Data items
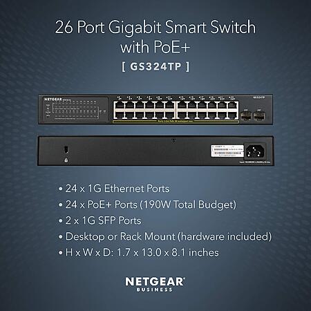 NETGEAR 26-Port PoE Gigabit Ethernet Smart Switch (GS324TP) - Managed, with 24 x PoE+ @ 190W, 2 x 1G SFP for $261.37 -
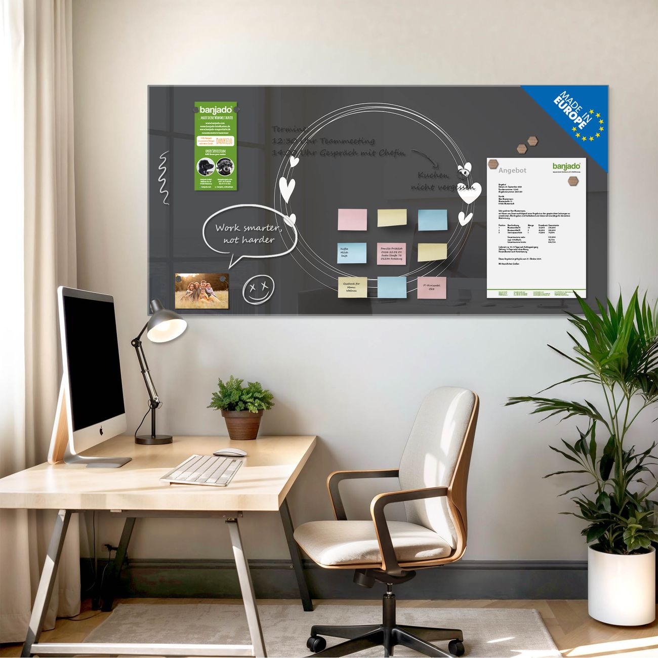 Jede Glas Magnettafel wird in unserer Werkstatt von Hand gefertigt und sorgfältig geprüft. So erhalten Sie ein echtes Qualitätsprodukt, das Funktion und Ästhetik perfekt vereint.?? Warum banjado?
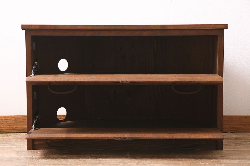 キャビネット・戸棚> テレビ台・ローボード > ラフジュ工房オリジナル 和製アンティーク 古金具取っ手リメイク フラップダウン扉!テレビ周りに和の趣を添えるコーナーボード(テレビ台、キャビネット、収納棚)(R-045421)
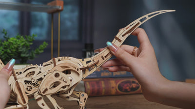 Let's travel 65 to million years back and encounter the Velociraptor, a medium-sized dinosaur feared by others. It's fast, sleek, and feeds on the young of other mammals, running away swiftly using its formidable hind legs while clutching its catch. ROKR showcases this fascinating predator through a mechanical wooden kit fitted with a powerful 4-stage gear transmission system, enabling toe walking and dynamic running. The 106-part structure features rubber pads beneath the Velociraptor's feet, which provide traction and padding, and metal springs behind each foot that simulate tendon function. Fiery, amber eyes, specialized front claws, and rows of sharp teeth complete its fierce look. ROKR follows nature's design of the dinosaur's S-shaped tail that balances its heavy front.
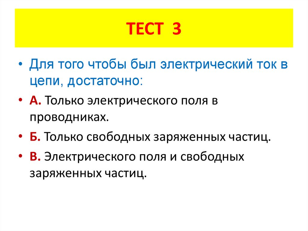 ТЕСТ 3• Для того чтобы был электрический ток в
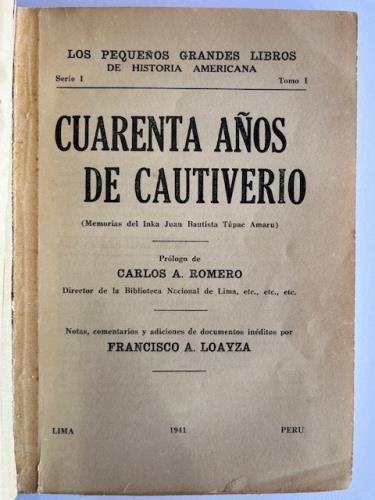 Cuarenta años de cautiverio. (Memorias del Inka Juan Bautista Túpac Amaru).
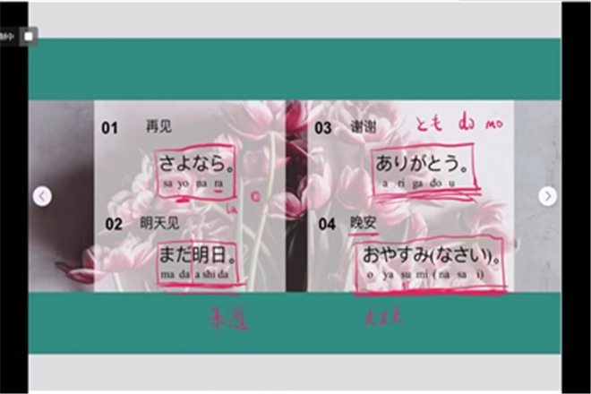 语言文字的魅力无穷,团队希望今天的日语基础课程可以让孩子们体验外语之美。负责此课程的黄祉璇队员将课程分为词语猜意、五十音基础、常用词学习、语法基础和造句练习五个部分,队员们和孩子们一起听、读,一起在语言知识里徜徉。

Description of the task
Using the data above, retype exactly and only the lines from the one containing "Jede Glas Magnettafel" up to and including the one containing "キャビネット・戸棚> テレビ台・ローボード >", with no pictures carried over.

Result of this exercise
 Jede Glas Magnettafel wird in unserer Werkstatt von Hand gefertigt und sorgfältig geprüft. So erhalten Sie ein echtes Qualitätsprodukt, das Funktion und Ästhetik perfekt vereint.?? Warum banjado?
 キャビネット・戸棚> テレビ台・ローボード > ラフジュ工房オリジナル 和製アンティーク 古金具取っ手リメイク フラップダウン扉!テレビ周りに和の趣を添えるコーナーボード(テレビ台、キャビネット、収納棚)(R-045421)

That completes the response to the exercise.